Outre l'amélioration de la continuité et de la disponibilité des services, les organisations disposant d'un grand parc de serveurs utilisent également les correctifs en direct pour éviter les frais administratifs liés à la coordination et à la planification nécessaires au redémarrage de plusieurs systèmes.

Ce tutoriel montrera comment utiliser Kpatch pour modifier le comportement d'un noyau Ubuntu 20.04 LTS Focal Fossa en cours d'exécution sans l'arrêter, en modifiant le contenu du fichier /proc/uptime (et le uptime ) afin que le temps de fonctionnement du système soit supérieur de 10 ans.

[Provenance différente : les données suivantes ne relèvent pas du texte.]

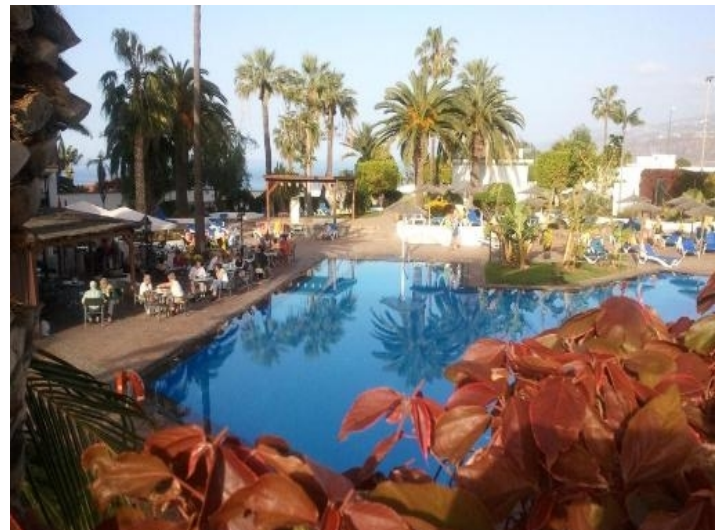
The large and well-maintained community pool

Kpatch a été créé par Red Hat et fonctionne sur RHEL et ses dérivés. Red Hat propose un service commercial de correctifs en direct pour les clients RHEL, tout comme les entreprises suivantes, qui se concentrent chacune sur des distributions différentes :

Obtenez un essai GRATUIT de 7 jours avec assistance de KernelCare 

 

Nous avons choisi Kpatch pour ce tutoriel car c'est l'une des rares solutions dont le code source est librement disponible et régulièrement mis à jour. Nous avons un autre tutoriel sur Patchage en direct du noyau Linux de Debian 10 avec Kpatch - consultez-le également.

Conditions préalables

Voici les conditions préalables du système pour suivre ce tutoriel.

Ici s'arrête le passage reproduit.